→ Extracted information
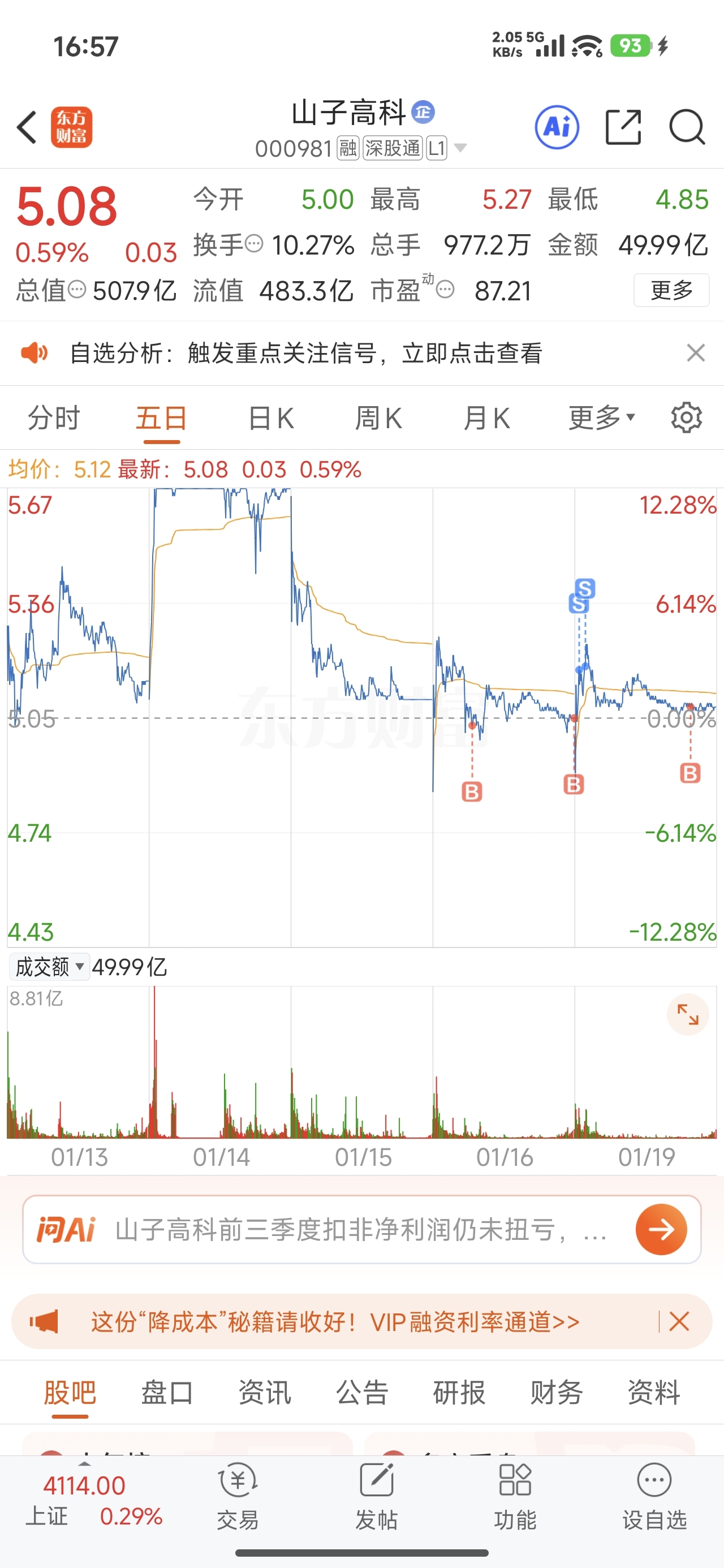 $山子高科(SZ000981)$ 这个股票好啊,超短线能赚钱。
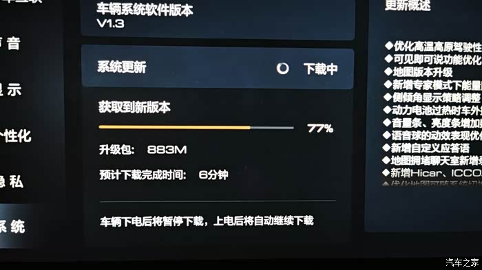 再说说升级过程。启动车辆后,一般安装包就自动下载了,总共883MB,下载速度跟网络有关,我车在地上停车场,整个下载过程大约20多分钟,耐心等待就行。
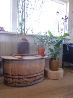 作業台の上に何やらかわいい計りが。やはり義父さんが説明してくれたのですが、上の塩樽が置いてあるようなお店で実際に使われていた計りだそうです。これで卵や石鹸を計っていたのでしょうか?想像が膨らみますね♪
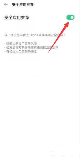 进入页面后,将安全应用推荐右侧按钮打开即可。
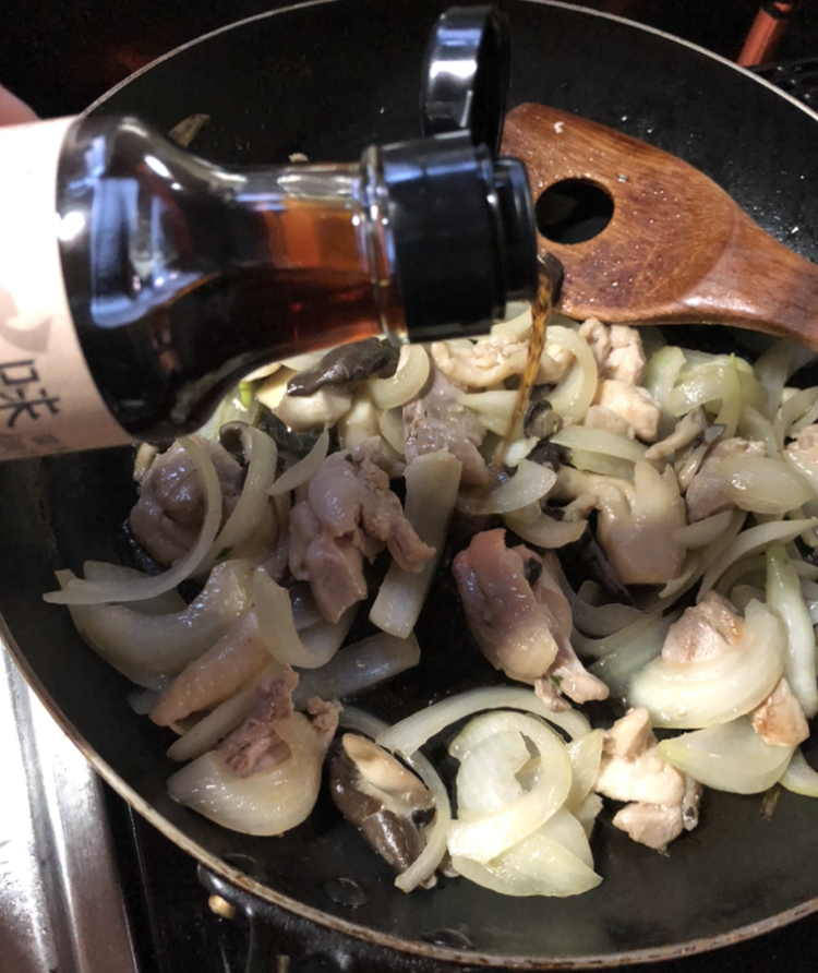 あとは、鶏肉と玉ねぎ、霜降りひらたけの炒め物に使わせて頂きました。
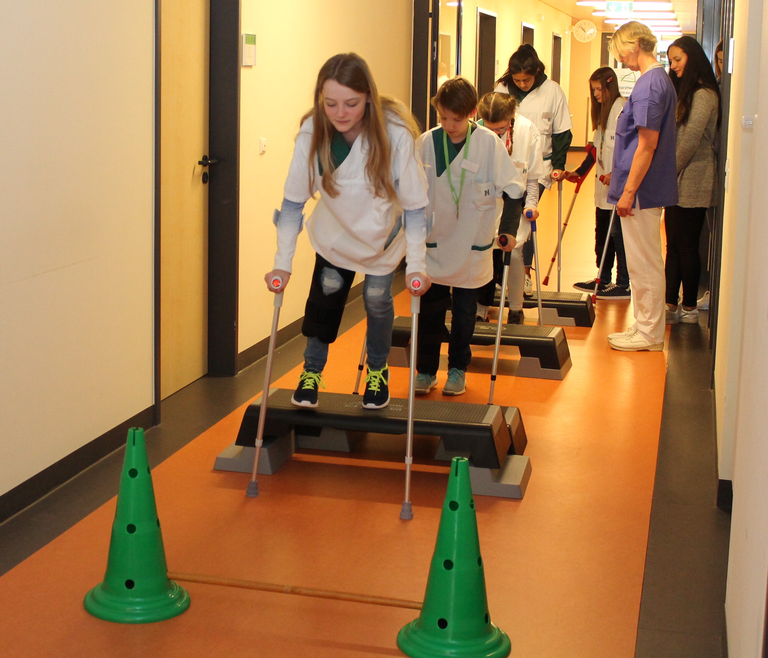 In der Geburtshilfe haben die neugierigen Teilnehmer den Kreißsaal sowie ein Familienzimmer auf der Station erkunden und sogar ein Neugeborenes bewundern. Mit den Physiotherapeuten wurde im Anschluss ein hindernisreicher Parcours mit Gehstützen durchlaufen.
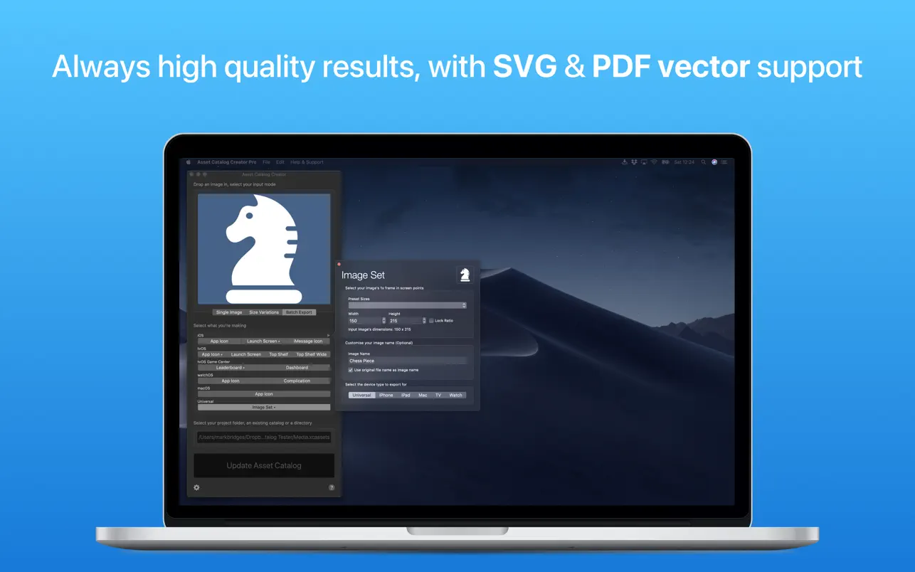 资产目录创建器旨在快速、便捷地使用,并能无缝融入您的工作流程。您只需将图像拖入,指定项目所在位置,选择图标类型并导出即可。该应用程序会找到现有的资产目录,并具有高级合并功能,可根据您的选择进行追加或覆盖。
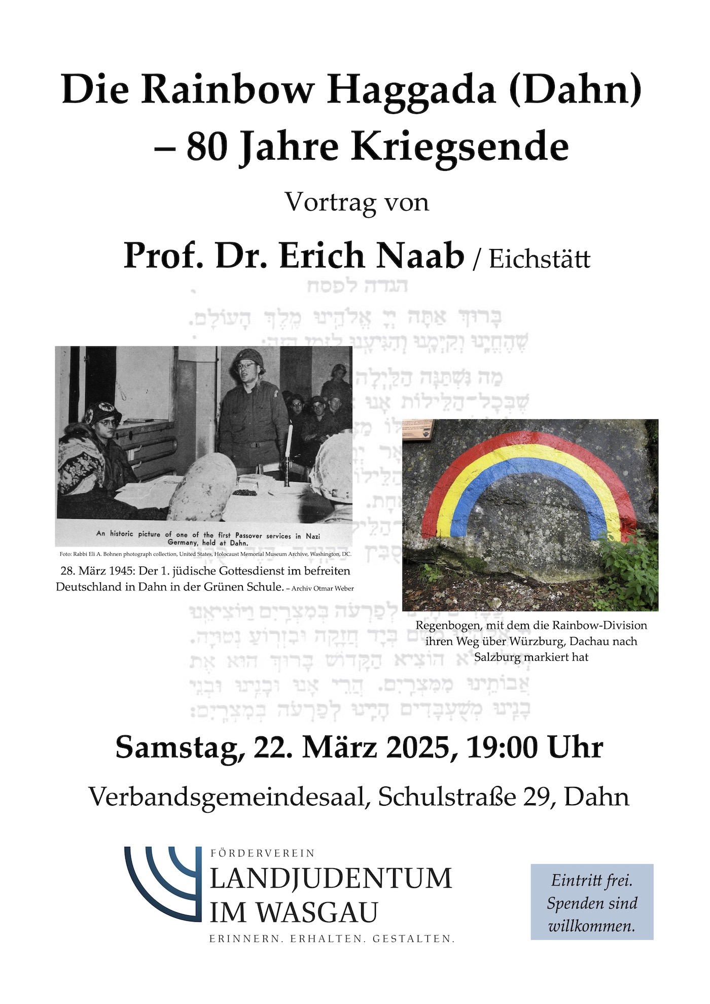 Vortrag Die Rainbow-Haggadah und die Sederfeier der 42. US-Division Vortrag von Prof. Dr. Erich Naab für den Förderverein „Landjudentum im Wasgau“
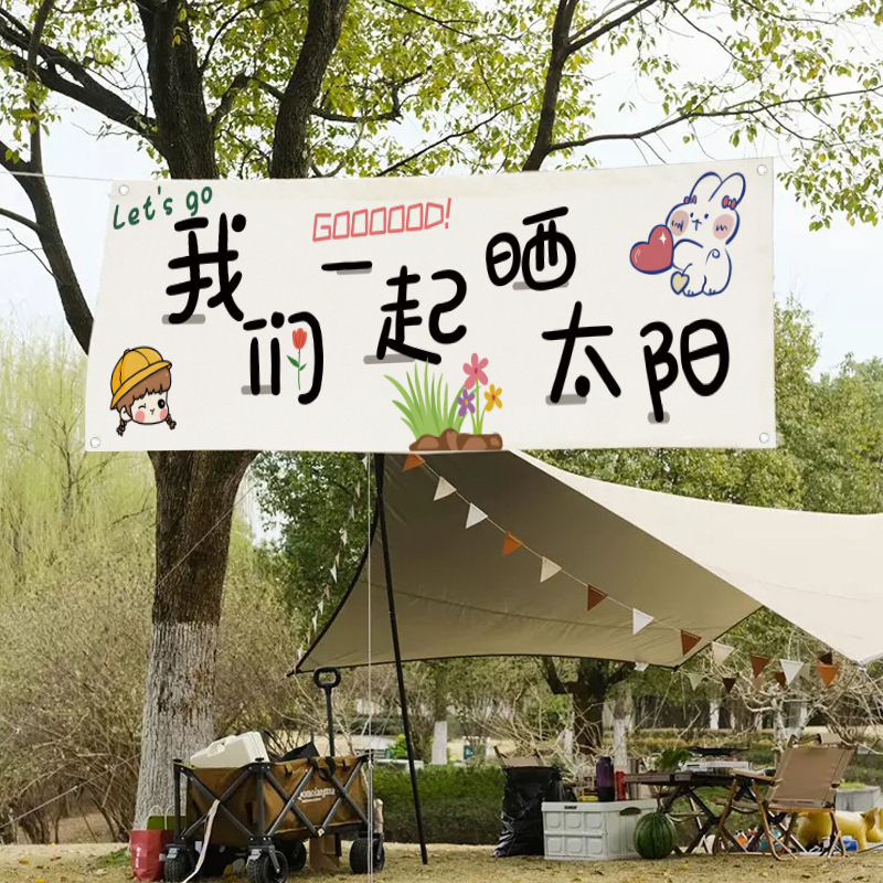 ✅ RP4T卸売屋外キャンプ場吊り下げ布キャンプチームビルディング装飾雰囲気旗バナー野外活動広告旗
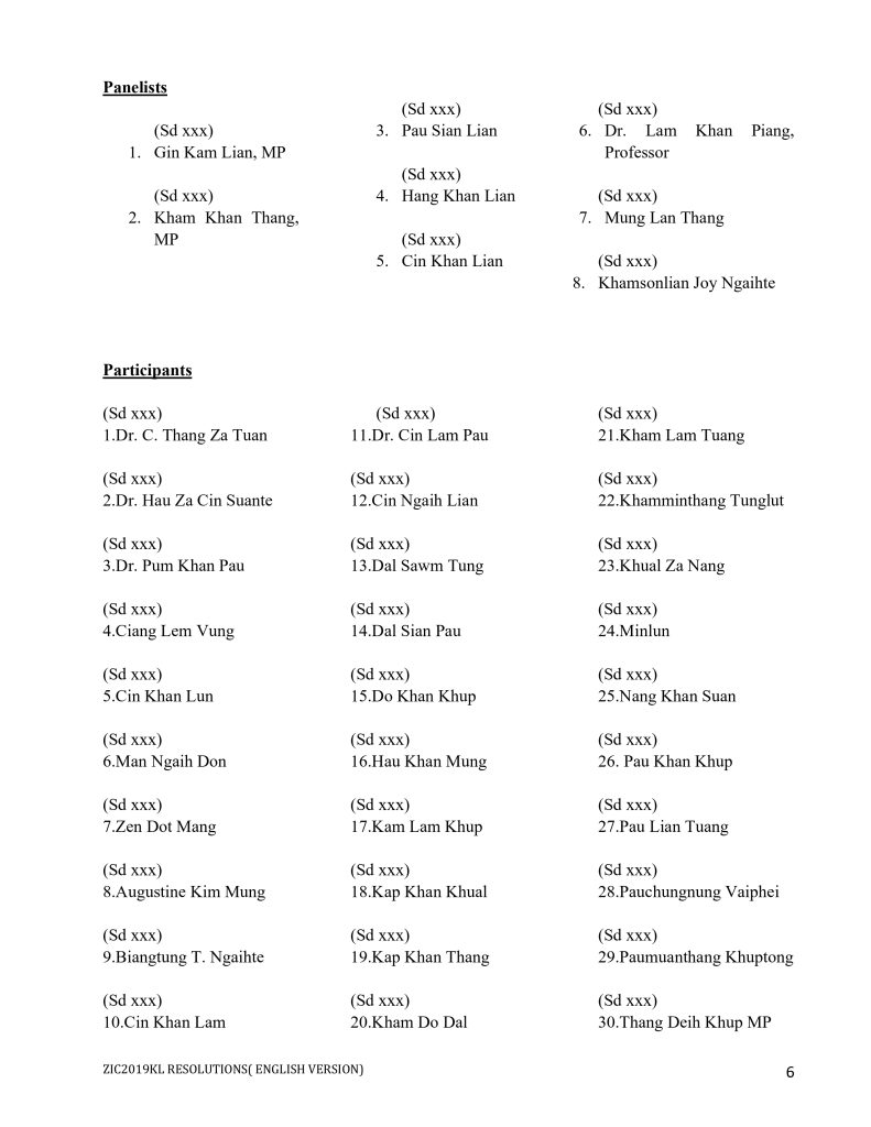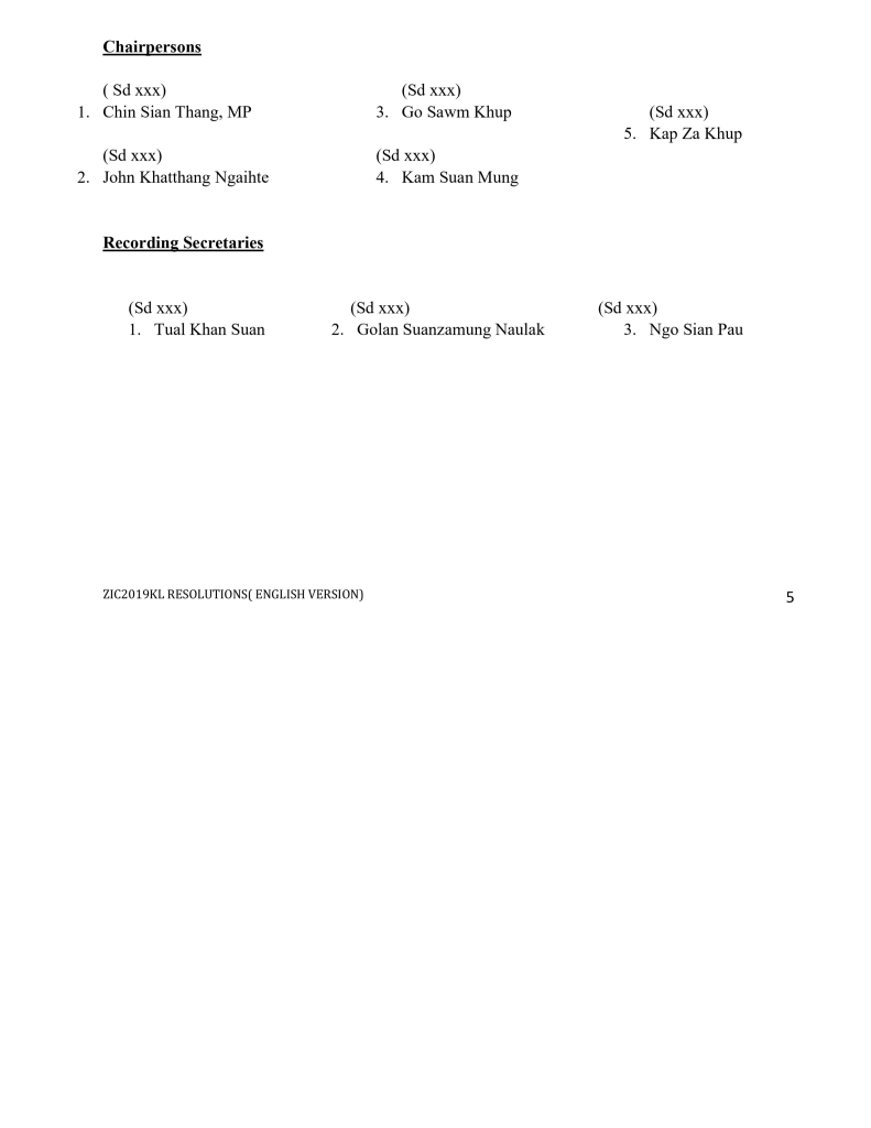 Members of various Zomi political leaders, political party, organizations, student groups, women groups, The Zomi International Conference 2019 Kuala Lumpur hereby moves the following;
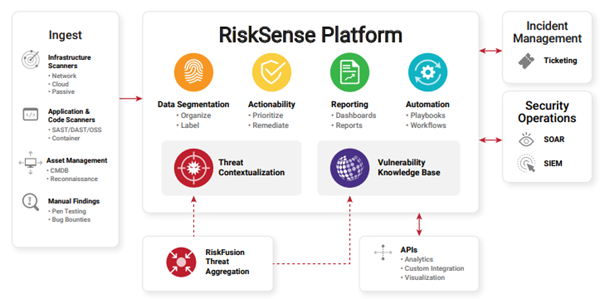 Platforma RiskSense zbiera dane o potencjalnych lukach w infrastrukturze ze skanerów podatności sieci i systemów, skanerów badających poprawność aplikacji czy systemów zarządzania zasobami. Koreluje te dane z informacjami na temat dostępności systemu, ilości oraz roli (krytyczności) dotkniętych systemów, aby przygotować uporządkowaną listę zadań do wykonania.

→ Work to complete
Within the listing above, the lines from the one with "作業台の上に何やらかわいい計" through the one with "Members of various" are to be given again word for word. Do not include pictures.

→ Result of this exercise
 作業台の上に何やらかわいい計りが。やはり義父さんが説明してくれたのですが、上の塩樽が置いてあるようなお店で実際に使われていた計りだそうです。これで卵や石鹸を計っていたのでしょうか?想像が膨らみますね♪
 进入页面后,将安全应用推荐右侧按钮打开即可。
 あとは、鶏肉と玉ねぎ、霜降りひらたけの炒め物に使わせて頂きました。
 In der Geburtshilfe haben die neugierigen Teilnehmer den Kreißsaal sowie ein Familienzimmer auf der Station erkunden und sogar ein Neugeborenes bewundern. Mit den Physiotherapeuten wurde im Anschluss ein hindernisreicher Parcours mit Gehstützen durchlaufen.
 资产目录创建器旨在快速、便捷地使用,并能无缝融入您的工作流程。您只需将图像拖入,指定项目所在位置,选择图标类型并导出即可。该应用程序会找到现有的资产目录,并具有高级合并功能,可根据您的选择进行追加或覆盖。
 Vortrag Die Rainbow-Haggadah und die Sederfeier der 42. US-Division Vortrag von Prof. Dr. Erich Naab für den Förderverein „Landjudentum im Wasgau“
 ✅ RP4T卸売屋外キャンプ場吊り下げ布キャンプチームビルディング装飾雰囲気旗バナー野外活動広告旗
 Members of various Zomi political leaders, political party, organizations, student groups, women groups, The Zomi International Conference 2019 Kuala Lumpur hereby moves the following;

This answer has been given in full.